The idea in one sentence
Chain-of-thought (CoT) reasoning is the simple but powerful technique of getting a language model to write out its intermediate steps before committing to an answer. Instead of jumping straight to a result, the model “thinks aloud” — and that act of laying out the working dramatically improves accuracy on problems that require several steps, like arithmetic, logic puzzles, and word problems.
Why thinking step by step works
A language model generates text one token at a time, and each token it writes becomes part of the context for the next. When a hard problem is answered in a single leap, the model has no room to do the intermediate computation — it has to compress all the reasoning into one opaque jump and frequently gets it wrong. Chain-of-thought gives the model that room: by producing the steps explicitly, it can break the problem into smaller sub-problems, carry intermediate results forward, and check itself along the way. The reasoning tokens act like scratch paper.
Zero-shot, few-shot, and tree-of-thought
The original CoT work showed that including a few worked examples with their reasoning — few-shot CoT — let models solve grade-school math problems they previously failed. A follow-up found that you often do not even need examples: just appending “Let’s think step by step” triggers the same behaviour, known as zero-shot CoT. More advanced variants like tree-of-thought explore several reasoning branches at once and backtrack, trading extra compute for better performance on search and planning tasks.
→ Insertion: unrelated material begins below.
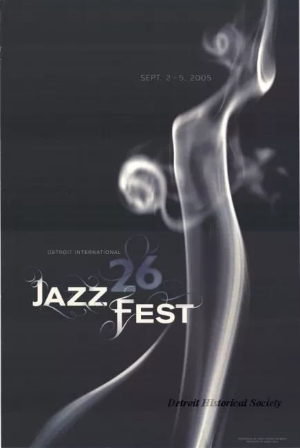 1 - Advertisement poster for the 26th Annual Detroit International Jazz Festival that was held September 2-5, 2005. The poster shows a wisp of rising smoke against a dark purple/black background. Printed text on the lower left side shows: "Detroit International Jazz Fest 26", small printed text in the lower right corner shows: "Sponsored by Mack Avenue Records Produced by Music Hall".

Use the demo above to compare a direct answer against zero-shot and few-shot CoT on the same problem.
When to use chain-of-thought
CoT shines on anything multi-step: math, logic, planning, debugging, and questions that need careful intermediate inference. It tends to help most with larger, more capable models — the ability to benefit from CoT is itself often cited as an emergent capability of scale. The trade-offs are that it makes responses longer, slower, and more expensive, and the visible “reasoning” is not always a faithful account of how the model actually reached its answer. For simple factual lookups it adds little. Used well, though, it is one of the highest-leverage prompting techniques available.